En vano unos niños se lo han pedido al mar. Entra, se instala.
Napoleón paralítico que destroza. Canta. La sal, el torreón, la
bandera.

Escúchalo.
Nosotros.

Una niñita basta, consigue atravesarlo, encuentra las cocinas.

Cantamos una marsellesa en el desastre. No lo para. Se cae en
pedazos el puente levadizo.

Difícil tiempo.

Encuentro aquel esqueleto del sol extraviado en los años.

No, no volveremos.

El agua vertical de la ola color viento. Lejos, ¿por qué no todo
el mar?

Una escoba siete mares, el mar.

La bandera era lo que más queríamos, lo que más nos gustaba,
la bandera incolor en la luz.


Mañana por la mañana



Arnaldo Calveyra




Arnaldo Calveyra ilumina con esa serenidad que transmite a sus interlocutores. Su humildad y sencillez, en medio de la competencia de egos en la literatura argentina, resultan sorprendentes y apabullantes. Algo de la estampa de este hombre alto y desgarbado, de ojos celestes claros y con los cabellos enmarañados y blanqueados por cincuenta años de oficio poético, lo asemeja a un monje de hablar susurrante que no quiere romper el silencio que reina en su abadía.
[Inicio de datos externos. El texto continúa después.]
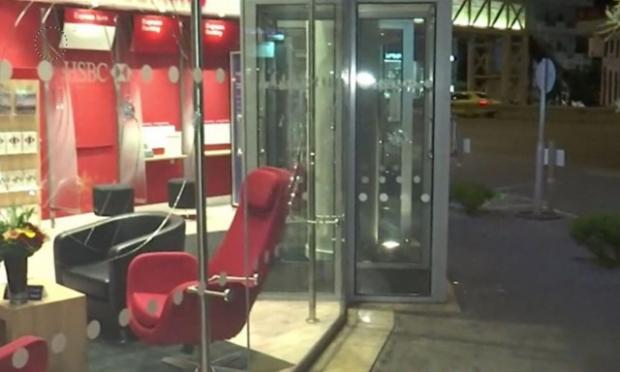 Φθορές με βαριοπούλες και σφυριά προκάλεσαν άγνωστοι γύρω στις 03:00 τα ξημερώματα σε τράπεζα στο Μαρούσι.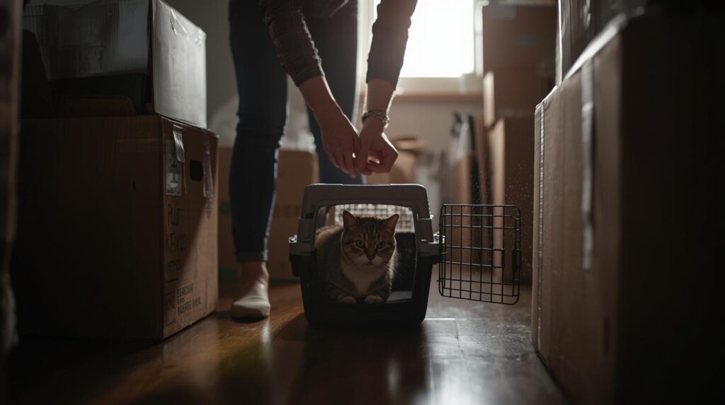 El día de la carga y descarga es caótico: puertas abiertas, extraños entrando y saliendo, ruido fuerte. Es el momento de mayor riesgo para una mascota asustada.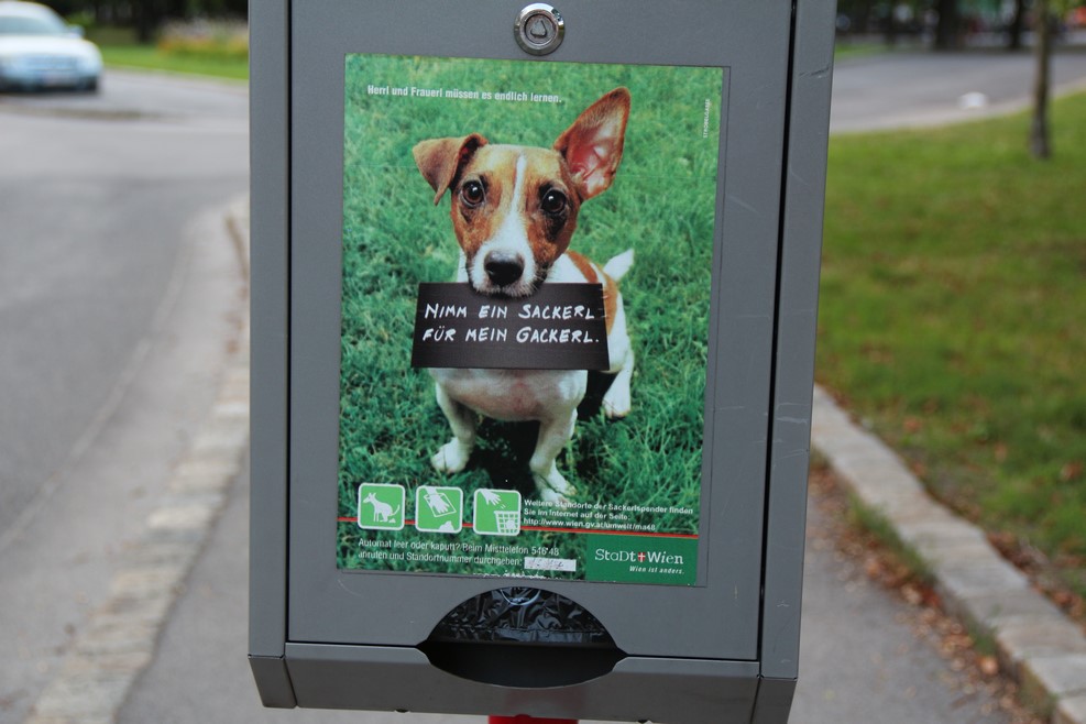 В прогулочной части — надпись на ящике гласит «Возьми пакет в кармашек, ты для моих какашек»:

“Escribí mucha hojarasca al comienzo, es muy difícil, es como luchar contra los molinos de viento”, dice el poeta y narrador Arnaldo Calveyra, que desde 1960 reside en París, ciudad a la que viajó para escribir su tesis sobre los trovadores provenzales y en la que se fue quedando a su manera, porque el “acá” de su poesía está configurado por su lengua natal, la que adquirió en la provincia de Entre Ríos, espacio geográfico que opera como fuente de inspiración para su escritura.
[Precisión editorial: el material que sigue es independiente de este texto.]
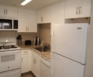 Use your private entrance to enter this particular home located on the second floor. This suite has been remodeled to include beautiful upgraded furniture, tile, cabinets, and more! Furnished with a king size bed, your suite has all you need to feel right at home from the moment you walk through the front door. Each unit has a spacious living room with a dining area; walk through kitchen with full size appliances; and a bedroom with an attached bathroom, large walk in closet, and private patio (balcony)!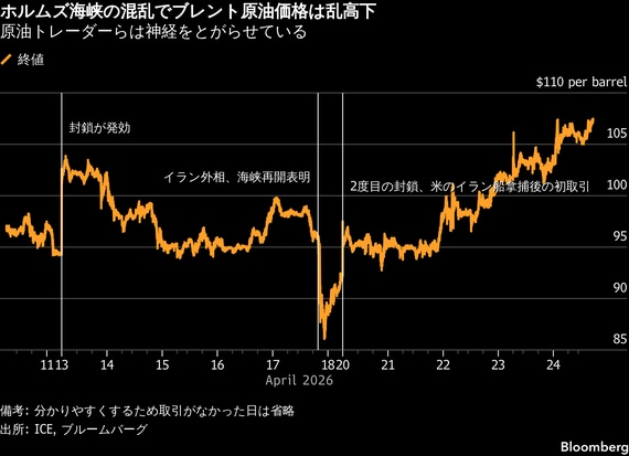 4月前半の暫定的な停戦は西側の船主に安心感を与え、海運大手APモラー・マースクは「通航の機会」を検討していると発表。今月11日にはスーパータンカー3隻が海峡を抜け、戦争開始以降で非イラン産原油の搬出としては最大規模となった。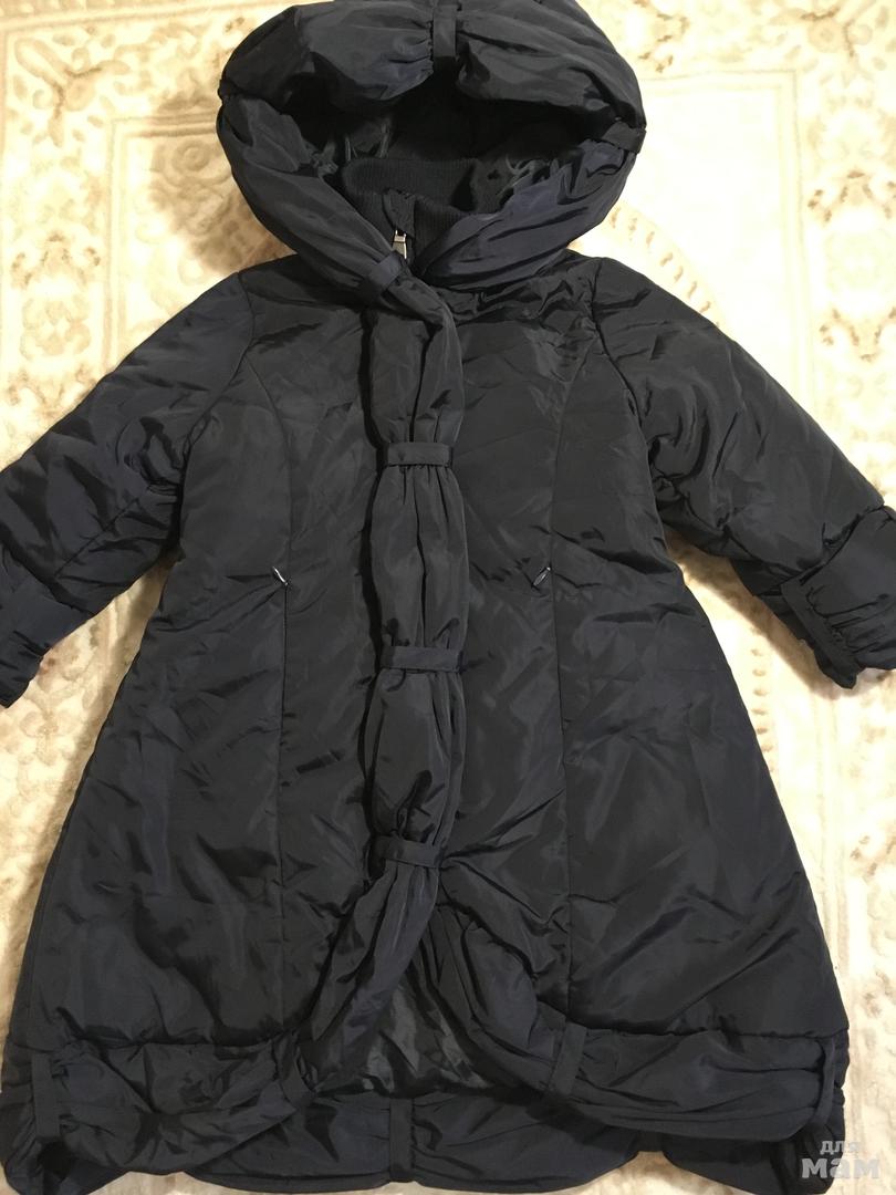 классное пальто синтепух,незаменимая вещь для праздничного выхода - прямо на платье и коглготы, длина по спинке 65см, ребенок не замерзнет) на рукавах и горловине плотная трикотажная манжета, шарфик можно не одевать. Капюшон плотно облегает и не слетает без всяких зявязок. Сзади талия подчеркнута резиночкой. Сиди очень женственно, а широкий подол охватывает даже пышние юбочки. Ну и цвет, конечно, универсальный, и красиво переливается на солнце и стирать часто не надо) Мы так и не одели, еще 3 синих пальто есть в подобном размере, но бирку сняли (чтобы вакуумный пакет не повредить), поэтому 1700р (в магазине 4500).

-Su parquedad ante el uso de los adjetivos se asemeja a una frase de Huidobro: “El adjetivo cuando no da vida mata”.


Mejor dicho imposible. Desconfío de los adjetivos porque envejecen rápido; el problema esencial de la poesía es el adjetivo, no el sustantivo. Qué bueno eso de Huidobro, lo voy a anotar (escribe la frase en su libreta). Y lo ha dicho poéticamente. Esa desconfianza fue surgiendo con la madurez. Al comienzo no fui tan clarividente, estaba muy lejos de eso, basta con ver los malos poemas que he conservado sólo porque hay indicaciones de Mastronardi.
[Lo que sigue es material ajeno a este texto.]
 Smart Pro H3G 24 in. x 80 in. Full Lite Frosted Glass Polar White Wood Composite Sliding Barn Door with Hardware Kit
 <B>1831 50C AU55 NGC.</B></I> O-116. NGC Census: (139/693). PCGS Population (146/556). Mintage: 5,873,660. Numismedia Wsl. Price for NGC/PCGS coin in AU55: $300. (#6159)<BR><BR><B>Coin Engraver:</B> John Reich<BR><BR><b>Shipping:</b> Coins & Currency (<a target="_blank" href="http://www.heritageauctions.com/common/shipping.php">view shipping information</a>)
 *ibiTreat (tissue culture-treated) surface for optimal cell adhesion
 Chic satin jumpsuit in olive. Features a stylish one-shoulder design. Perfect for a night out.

Para leer la entrevista completa al poeta:


http://www.avizora.com/publicaciones/reportajes_y_entrevistas/textos_0002/0042_arnaldo_calveyra.htm



Arnaldo Calveyra nació en Mansilla, Entre Ríos, Argentina, en 1929.
Poeta, dramaturgo, novelista y licenciado en Letras en la Universidad de La Plata, reside en Paris desde 1961.
En 1956 publica poemas en Sur ; durante 1959, luego de su primera estancia en París se publica El diputado está triste, ópera prima en teatro (Ed. Leonardo) y su primer libro de poemas Cartas para que la alegría (Cooperativa impresora y Distribuidora). En 1969 Gallimard publica la obra de teatro Moctezuma. Durante 1971 viaja a Inglaterra y estudia Shakespeare junto a Peter Brook. Durante 1989 Actes Sud traduce y publica su novela La Cama de Aurelia, editada en castellano por Plaza y Janés de Barcelona. El hombre de Luxemburgo inaugura la colección de poesía de Editorial Tusquets Nuevos textos sagrados (Barcelona).
En Argentina publica Cartas para que la alegría (1988) e Iguana iguana en Libros de Tierra Firme; Morse (Mate, 1999); Libro de las mariposas (Alción, 2001); Diario del fumigador de guardia (Vox, 2002); El origen de la Luz (Sudamericana, 2004) y Poemas (Eloisa Cartonera, 2004). La Editorial Adriana Hidalgo publicará en breve Maizal del gregoriano (publicado en Actes Sud en 2003).Su ensayo Si la Argentina fuera una novela fue publicado por editorial Simurg en el año 2000.